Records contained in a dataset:
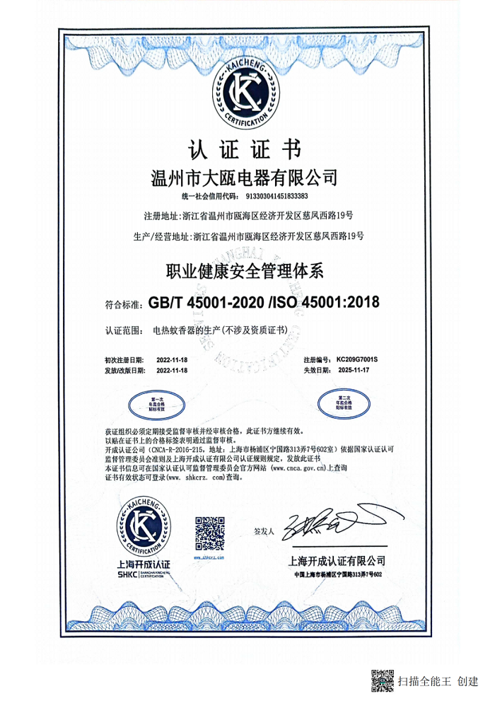 溫州市大甌電器有限公司(以下簡(jiǎn)稱大甌公司)是集研發(fā)、制造為一體的日化電器專業(yè)生產(chǎn)制造商。
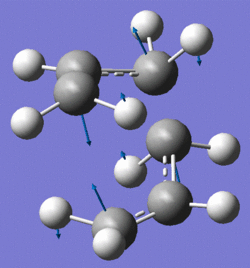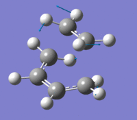 The two lowest frequencies, imaginary and lowest positive (animation 7 and animation 8 - File:DA TS 1 OPT FREEZECOORD AM1 P2 3.chk), can be compared. The imaginary frequency shows that the Diels-Alder reaction path is synchronous as the two bonds are being formed/broken simultaneously. This appears to be in contrast to the lowest positive frequency which is asynchronous with the two bonds in question forming/breaking alternatively.
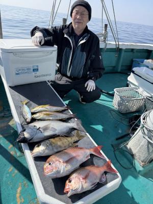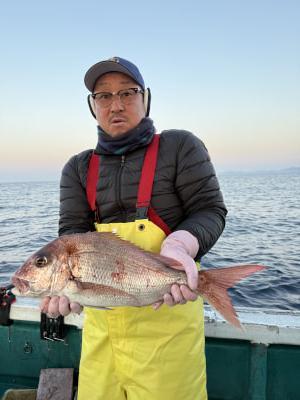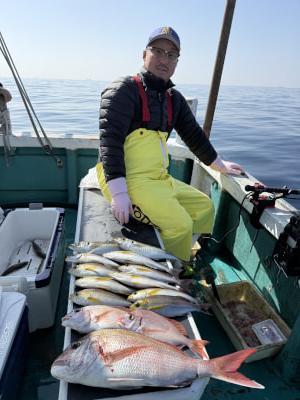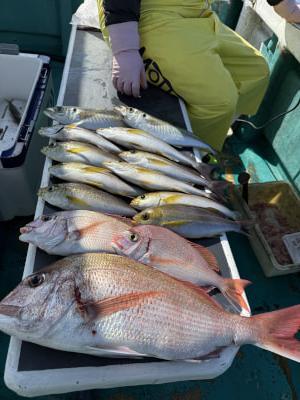 オキアミ五目釣り出船しました、マアジはダメでしたが真鯛、石鯛、イサギ釣れなんとかお土産確保でした、天気は最高に良かったです、1号船オキアミ五目釣りお気軽にお問い合わせください、お疲れ様でした!
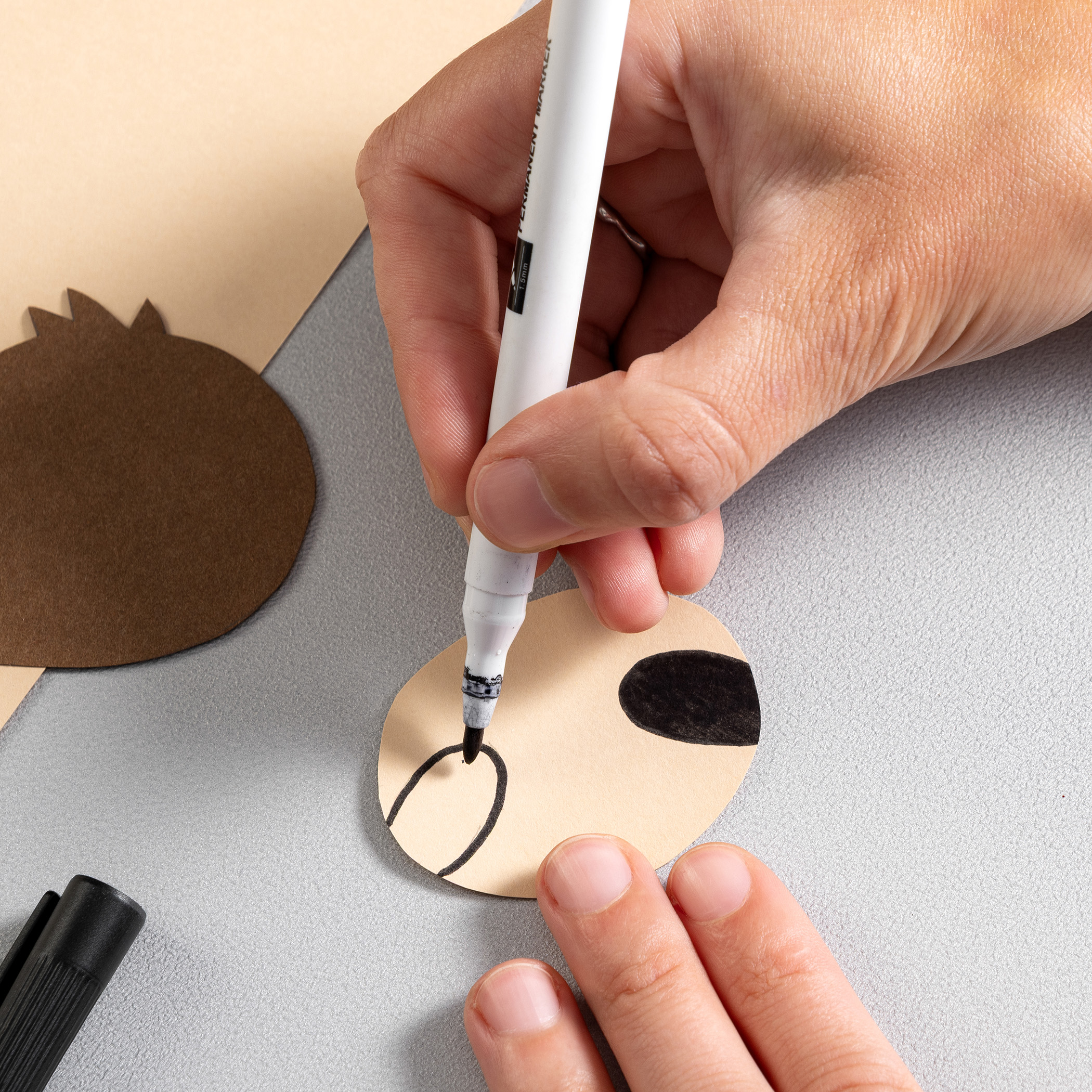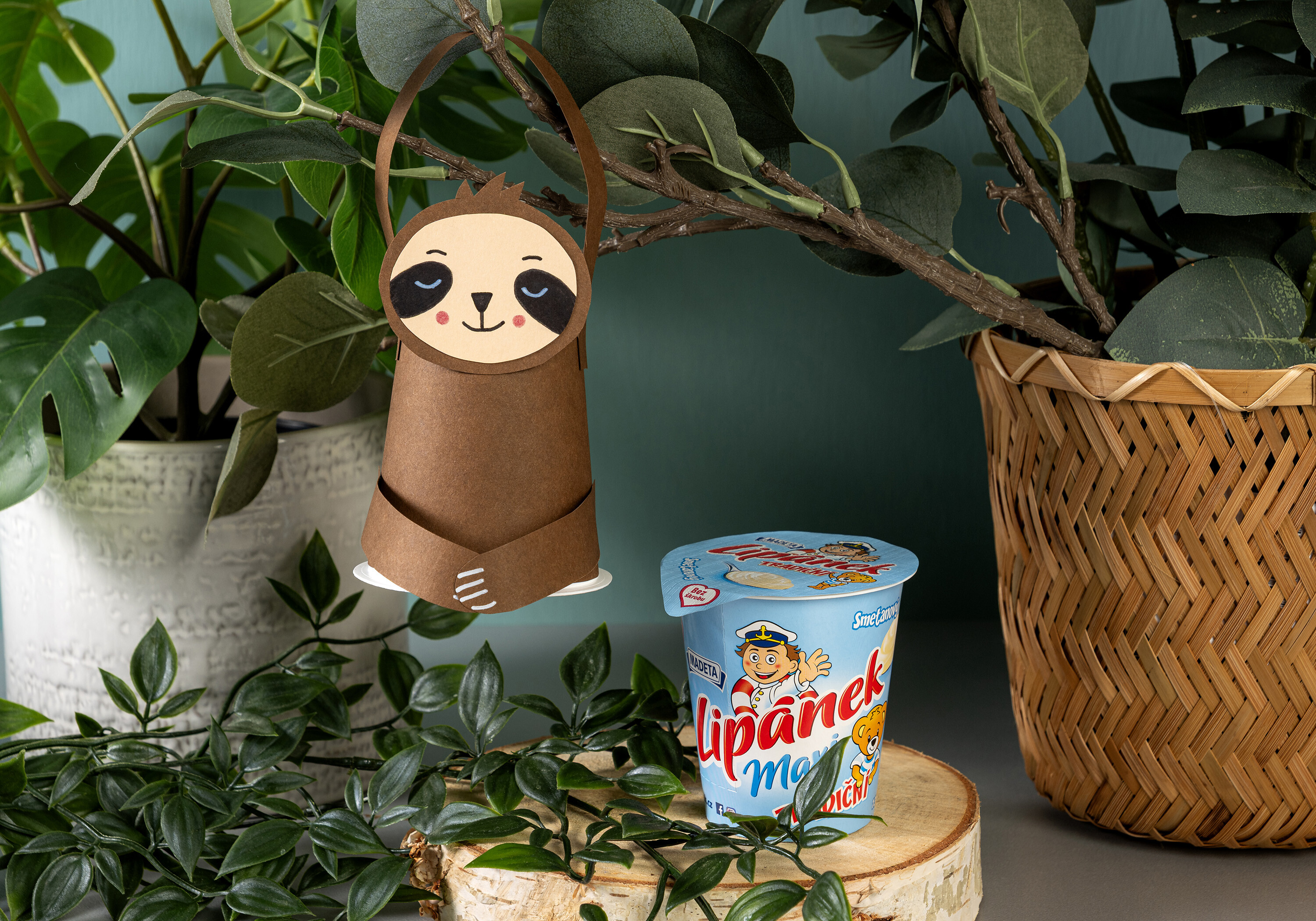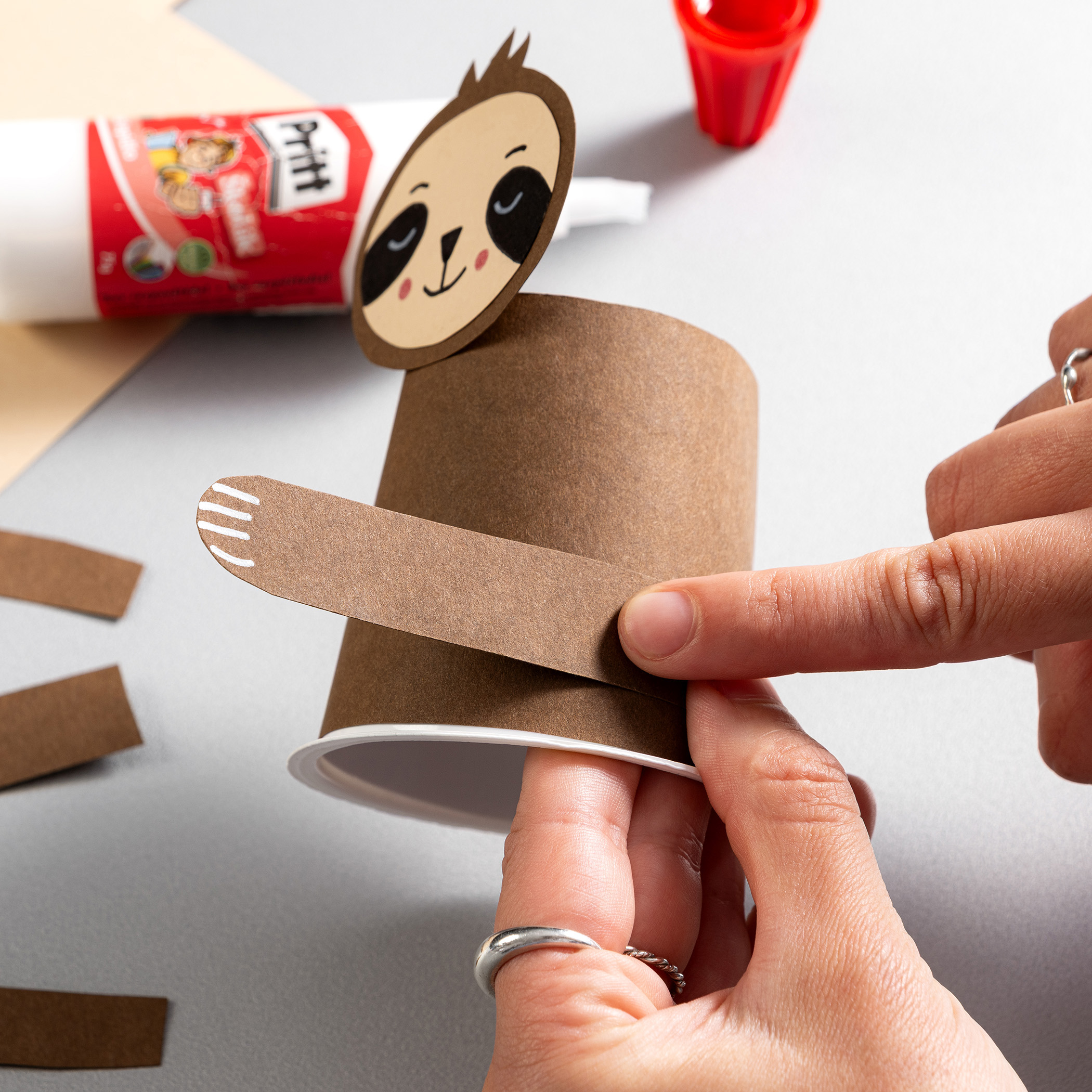 Téglik dôkladne vymyjeme a zložíme z neho papierový obal. Z hnedého papiera vystrihneme pás o veľkosti obvodu téglika a nalepíme ho na téglik. Ďalej z nej vystrihneme hlavu a 4 prúžky na ruky a nohy. Z okrového papiera vystrihneme ovál a nalepíme ho na hlavu. Fixy a pastelkou dokreslíme tvár. Bielou fixkou nakreslíme pazúriky a ruky aj nohy nalepíme na téglik.
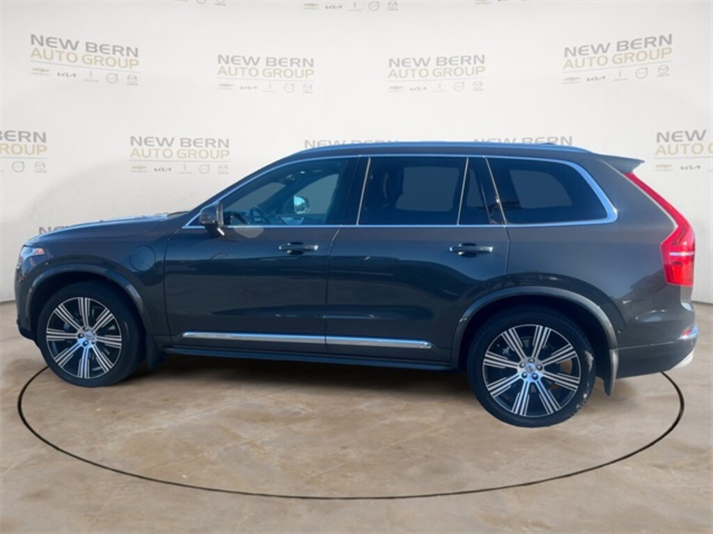This XC90 Recharge Plug-In Hybrid T8 Inscription 7 Passenger is nicely equipped with Advanced Package (360 Surround View Camera, Air Purifier, and Graphical Head-Up Display), Climate Package (Headlight High Pressure Cleaning, Heated Rear Seats, and Heated Steering Wheel), Protection Package Premier (Bumper Cover, Cargo Tray, License Plate Frame, Rubber Floor Mats, and Wheel Locks), 14 Speakers, 3rd row seats: bucket, 4-Corner Air Suspension, 4-Wheel Disc Brakes, ABS brakes, Air Conditioning, Alloy wheels, AM/FM radio: SiriusXM, Anti-whiplash front head restraints, Apple CarPlay/Android Auto, Auto High-beam Headlights, Auto-dimming door mirrors, Auto-dimming Rear-View mirror, Automatic temperature control, Bodyside moldings, Bowers & Wilkins Premium Sound, Brake assist, Bumpers: body-color, Delay-off headlights, Driver door bin, Driver vanity mirror, Dual front impact airbags, Dual front side impact airbags, Electronic Stability Control, Emergency communication system: Volvo Cars App w/4 Year Subscription, Exterior Parking Camera Rear, Four wheel independent suspension, Front & Rear Mud Flaps, Front anti-roll bar, Front Bucket Seats, Front Center Armrest w/Storage, Front dual zone A/C, Front Heated & Ventilated Bucket Seats, Front reading lights, Fully automatic headlights, Garage door transmitter: HomeLink, Genuine wood dashboard insert, Genuine wood door panel insert, harman/kardon® Speakers, Heated door mirrors, Heated front seats, Illuminated entry, Knee airbag, Low tire pressure warning, Luggage Cover, Memory seat, Navigation system: Sensus Navigation, Occupant sensing airbag, Outside temperature display, Overhead airbag, Panic alarm, Park Assist Pilot, Passenger door bin, Passenger vanity mirror, Perforated Nappa Leather Upholstery, Power door mirrors, Power driver seat, Power moonroof, Power passenger seat, Power steering, Power windows, Premium audio system: Sensus Connect, Radio data system, Radio: harman/kardon Premium Audio System, Rain sensing wipers, Rear air conditioning, Rear anti-roll bar, Rear dual zone A/C, Rear fog lights, Rear reading lights, Rear seat center armrest, Rear window defroster, Rear window wiper, Remote keyless entry, Security system, Speed control, Speed-sensing steering, Split folding rear seat, Spoiler, Steering wheel mounted audio controls, Tachometer, Telescoping steering wheel, Tilt steering wheel, Traction control, Trip computer, Turn signal indicator mirrors, Variably intermittent wipers, Ventilated front seats, Wheels: 20" 10-Spoke Black Diamond Cut Alloy, and Wheels: 21" 8-Multi Spoke Black Diamond Cut Alloy.
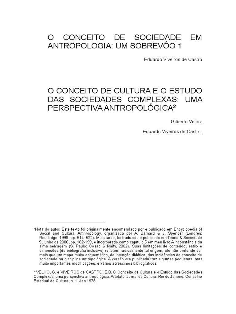 2VELHO, G. e VIVEIROS de CASTRO, E.B. O Conceito de Cultura e o Estudo das Sociedades
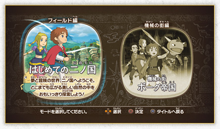 フィールド、バトルなど、最新の「二ノ国」を2つのメニューからお楽しみいただけます!
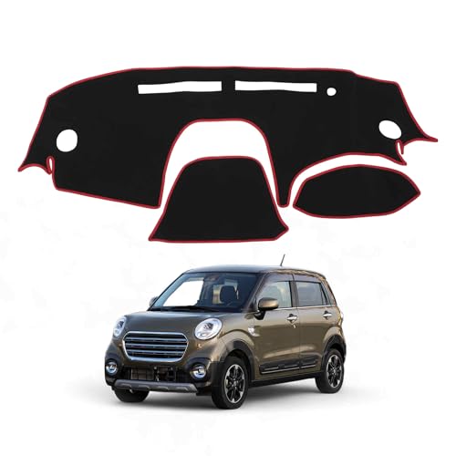 FUELHOOD ダイハツ キャスト LA250S/LA260S用のダッシュボードマット。日焼け対策、遮熱、傷防止、滑り止め機能を持ち、視界をクリアに保つ専用設計。ポリエステル素材で1Pセット、ブラックとレッドラインのデザイン。

* Exercise description *
Apart from the pictures, return every entry above exactly as given.

* Reply *
 溫州市大甌電器有限公司(以下簡(jiǎn)稱大甌公司)是集研發(fā)、制造為一體的日化電器專業(yè)生產(chǎn)制造商。
 The two lowest frequencies, imaginary and lowest positive (animation 7 and animation 8 - File:DA TS 1 OPT FREEZECOORD AM1 P2 3.chk), can be compared. The imaginary frequency shows that the Diels-Alder reaction path is synchronous as the two bonds are being formed/broken simultaneously. This appears to be in contrast to the lowest positive frequency which is asynchronous with the two bonds in question forming/breaking alternatively.
 オキアミ五目釣り出船しました、マアジはダメでしたが真鯛、石鯛、イサギ釣れなんとかお土産確保でした、天気は最高に良かったです、1号船オキアミ五目釣りお気軽にお問い合わせください、お疲れ様でした!
 Téglik dôkladne vymyjeme a zložíme z neho papierový obal. Z hnedého papiera vystrihneme pás o veľkosti obvodu téglika a nalepíme ho na téglik. Ďalej z nej vystrihneme hlavu a 4 prúžky na ruky a nohy. Z okrového papiera vystrihneme ovál a nalepíme ho na hlavu. Fixy a pastelkou dokreslíme tvár. Bielou fixkou nakreslíme pazúriky a ruky aj nohy nalepíme na téglik.
This XC90 Recharge Plug-In Hybrid T8 Inscription 7 Passenger is nicely equipped with Advanced Package (360 Surround View Camera, Air Purifier, and Graphical Head-Up Display), Climate Package (Headlight High Pressure Cleaning, Heated Rear Seats, and Heated Steering Wheel), Protection Package Premier (Bumper Cover, Cargo Tray, License Plate Frame, Rubber Floor Mats, and Wheel Locks), 14 Speakers, 3rd row seats: bucket, 4-Corner Air Suspension, 4-Wheel Disc Brakes, ABS brakes, Air Conditioning, Alloy wheels, AM/FM radio: SiriusXM, Anti-whiplash front head restraints, Apple CarPlay/Android Auto, Auto High-beam Headlights, Auto-dimming door mirrors, Auto-dimming Rear-View mirror, Automatic temperature control, Bodyside moldings, Bowers & Wilkins Premium Sound, Brake assist, Bumpers: body-color, Delay-off headlights, Driver door bin, Driver vanity mirror, Dual front impact airbags, Dual front side impact airbags, Electronic Stability Control, Emergency communication system: Volvo Cars App w/4 Year Subscription, Exterior Parking Camera Rear, Four wheel independent suspension, Front & Rear Mud Flaps, Front anti-roll bar, Front Bucket Seats, Front Center Armrest w/Storage, Front dual zone A/C, Front Heated & Ventilated Bucket Seats, Front reading lights, Fully automatic headlights, Garage door transmitter: HomeLink, Genuine wood dashboard insert, Genuine wood door panel insert, harman/kardon® Speakers, Heated door mirrors, Heated front seats, Illuminated entry, Knee airbag, Low tire pressure warning, Luggage Cover, Memory seat, Navigation system: Sensus Navigation, Occupant sensing airbag, Outside temperature display, Overhead airbag, Panic alarm, Park Assist Pilot, Passenger door bin, Passenger vanity mirror, Perforated Nappa Leather Upholstery, Power door mirrors, Power driver seat, Power moonroof, Power passenger seat, Power steering, Power windows, Premium audio system: Sensus Connect, Radio data system, Radio: harman/kardon Premium Audio System, Rain sensing wipers, Rear air conditioning, Rear anti-roll bar, Rear dual zone A/C, Rear fog lights, Rear reading lights, Rear seat center armrest, Rear window defroster, Rear window wiper, Remote keyless entry, Security system, Speed control, Speed-sensing steering, Split folding rear seat, Spoiler, Steering wheel mounted audio controls, Tachometer, Telescoping steering wheel, Tilt steering wheel, Traction control, Trip computer, Turn signal indicator mirrors, Variably intermittent wipers, Ventilated front seats, Wheels: 20" 10-Spoke Black Diamond Cut Alloy, and Wheels: 21" 8-Multi Spoke Black Diamond Cut Alloy.
 2VELHO, G. e VIVEIROS de CASTRO, E.B. O Conceito de Cultura e o Estudo das Sociedades
 フィールド、バトルなど、最新の「二ノ国」を2つのメニューからお楽しみいただけます!
 FUELHOOD ダイハツ キャスト LA250S/LA260S用のダッシュボードマット。日焼け対策、遮熱、傷防止、滑り止め機能を持ち、視界をクリアに保つ専用設計。ポリエステル素材で1Pセット、ブラックとレッドラインのデザイン。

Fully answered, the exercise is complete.